The mechanism has four steps. First, compute the normal token-level routing scores for each token in the block. Second, sum the normalized scores across all tokens to form a single block-level expert distribution. Third, apply top-p selection on that distribution to pick an expert coreset whose cumulative routing mass passes a threshold. Fourth, restrict each token’s final expert choice to that coreset. Tokens still route individually, but only among the experts the block as a whole considers important.
The “learnable” part matters: the coreset is derived from the model’s own learned routing scores, not a fixed assignment, so high-traffic experts survive and long-tail experts that one stray token wanted get dropped. Because tokens in a diffusion block have bidirectional dependencies and are decoded together, the paper argues they should share an expert basis for coherence anyway, so the coreset is a feature, not just a compression hack.
Key results
- Activated experts: 69.5 to 14.6 unique experts per block on LLaDA2.0-mini, roughly a 79% cut in the block’s expert footprint.

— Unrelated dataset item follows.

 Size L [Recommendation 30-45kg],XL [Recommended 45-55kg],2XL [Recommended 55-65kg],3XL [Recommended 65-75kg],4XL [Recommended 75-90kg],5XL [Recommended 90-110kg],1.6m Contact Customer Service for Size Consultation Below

- Accuracy retained: 99.11% of the original model’s performance across the evaluated benchmarks.
- Memory: 76.64% to 79.84% reduction in expert memory usage, the direct payoff of a smaller resident expert set.
- Latency: 1.14x to 1.66x end-to-end speedup, depending on the operating point.

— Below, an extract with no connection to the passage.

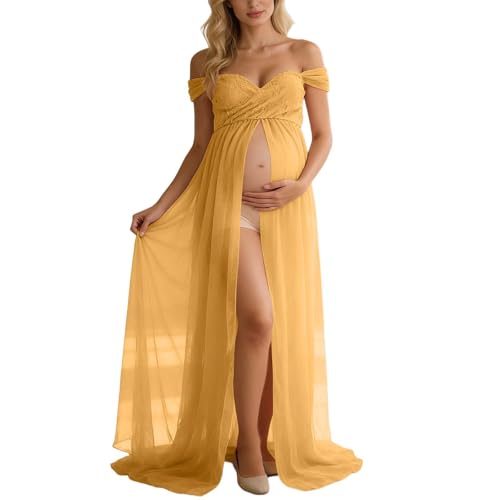 Yajun Lace Maternity Photography Dresses Maxi Gown Elegant Women Long Pregnancy Clothing For Baby Shower Plus Size Dress,White,M(Bust:97cm)

- Benchmarks: evaluated on MATH500, GSM8K, ARC-C, and an MMLU math subset, against baselines including a Top-4 expert cap and the DES-S and DES-V dynamic expert-sharing methods.
Why this matters now
Diffusion LLMs are the most credible current challenge to autoregressive decoding, and the strongest open ones, like LLaDA2.0-mini, are already MoE models. That means the routing-versus-decoding mismatch is not a corner case; it sits on the main path of the most promising architecture combination in open language modeling. dMoE shows the mismatch is fixable at the routing layer without retraining a dense model or shrinking the expert pool, which is what makes MoE diffusion LLMs deployable on tighter memory budgets.
Limits and open questions
The paper is explicitly marked work-in-progress, so the evaluation is narrow. All numbers come from a single base model, LLaDA2.0-mini, so it is unproven whether the 14.6-expert coreset and the memory savings hold on larger MoE diffusion models or different expert counts. The benchmark set is reasoning-and-knowledge heavy (MATH500, GSM8K, ARC-C, MMLU math) and does not include open-ended generation, code, or long-context tasks where block coherence pressure may differ. The headline 99.11% retention is an average; the paper does not, in the material available, break out which benchmarks lose the most, and the top-p coreset threshold is a knob whose sensitivity is not fully characterized here.
FAQ
What problem does dMoE solve?
dMoE fixes the clash between block-parallel decoding in diffusion LLMs and per-token MoE routing. When every token in a parallel-decoded block independently picks experts, the block touches 69.5 distinct experts on average on LLaDA2.0-mini, all of which must sit in memory. dMoE collapses that to 14.6 by sharing one expert coreset across the block.
How much memory does dMoE save?
dMoE reduces expert-weight memory usage by 76.64% to 79.84% on LLaDA2.0-mini, with a 1.14x to 1.66x end-to-end latency speedup, because far fewer experts need to be resident for each parallel decoding step.
Does dMoE hurt accuracy?
dMoE retains 99.11% of LLaDA2.0-mini’s original accuracy across MATH500, GSM8K, ARC-C, and an MMLU math subset. The small drop reflects forcing every token in a block to route within a shared expert coreset instead of choosing freely.
What model does dMoE run on?
dMoE is demonstrated on LLaDA2.0-mini, an open-source Mixture-of-Experts diffusion language model. The paper is marked work-in-progress and reports results on that single base model, so generalization to other MoE diffusion LLMs is not yet shown.